Viewing 3 replies - 1 through 3 (of 3 total)
  • Moderator bcworkz

    (@bcworkz)

    Whether HTML content is saved as entity codes or actual Cyrillic letters doesn’t affect how the content appears in the browser. The entity codes were likely copy/pasted from another source. WP would not normally convert Cyrillic letters into entity codes since all content is UTF-8 by default.

    There are online converters that will convert entity codes to UTF-8, but I don’t think it’d be worth the bother.

    Thread Starter Ferrum-man

    (@russian-man)

    Thanks
    You want to say that Unicode is not a mistake on the part of the site and the search engine will index the content normally?
    The text is displayed as it is in Russian, it does not change to Unicode, only the source code in the browser

    Moderator bcworkz

    (@bcworkz)

    WordPress does not normally generate HTML entities (“Unicode”) on Cyrillic and other non-Latin characters because all pages can be composed from the UTF-8 charset. There would be no need to do so. In theory some theme or plugin might make such conversions, but I cannot imagine why any would actually do so.
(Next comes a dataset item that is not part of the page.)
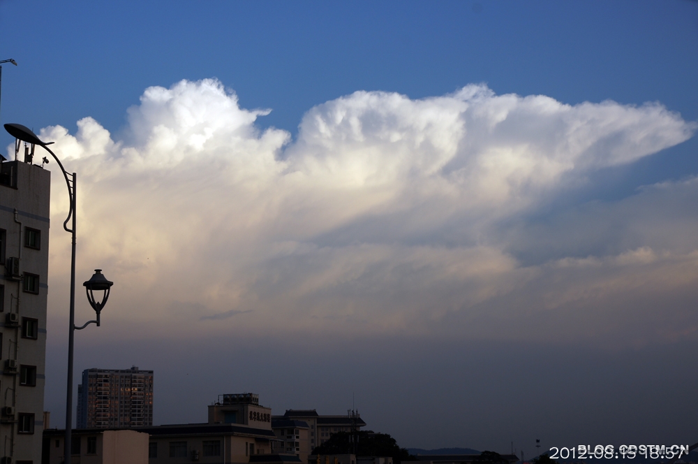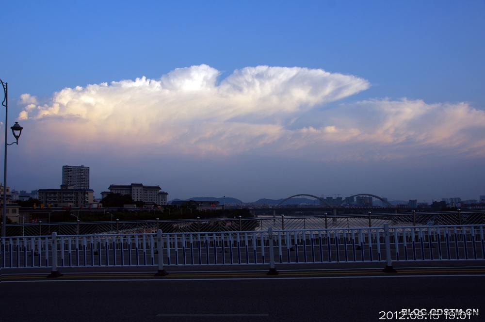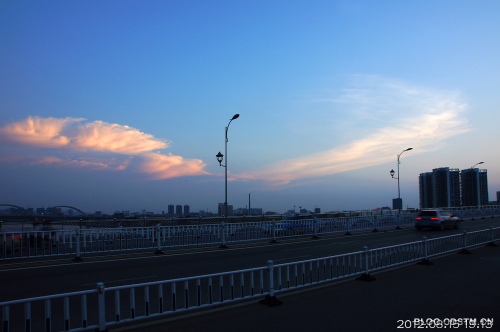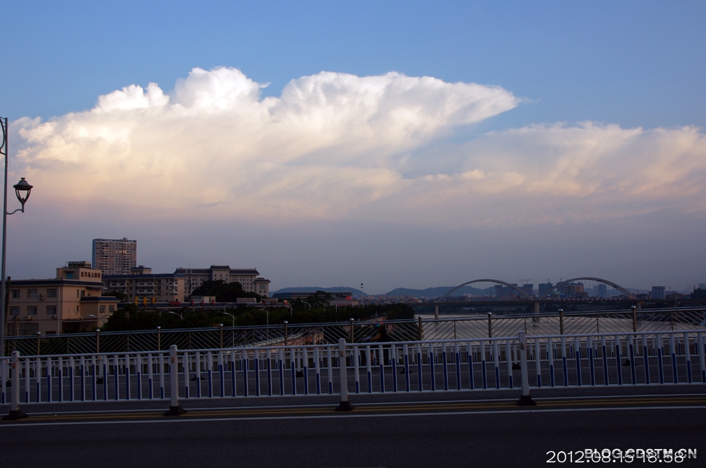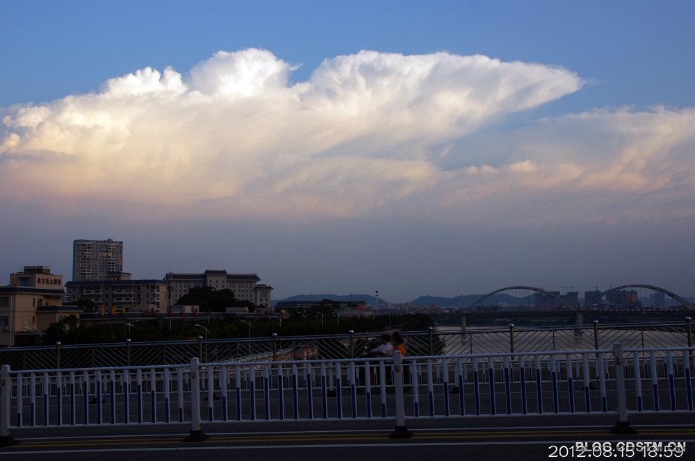 8月15日傍晚我到江边散步时发现东方有朵向南延伸、很有观赏性的白云,从18点57分开始,一直跟踪到19点23分云完全变红才收镜。晚霞的变化是缓慢的,不像朝霞那样瞬息万变。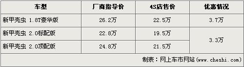 据4S店销售人员介绍:目前甲壳虫全系有最高3.7万元的优惠。经3.7万元优惠后,1.8T豪华型售价从26.2万元下降到了22.5万元。2.0L的标配版和顶配版经3.3万元优惠后,售价分别将为了19.5万元和21.5万元。

    I’m unsure how some content became HTML encoded. I’m guessing it was copied from elsewhere where it was already encoded. Maybe copied from old web content from before UTF-8 became common? Back then HTML entities were necessary for proper display all across the world.

    However it came to be, it will not affect search indexing. Search bots know how to decode HTML entities just as well as browsers do.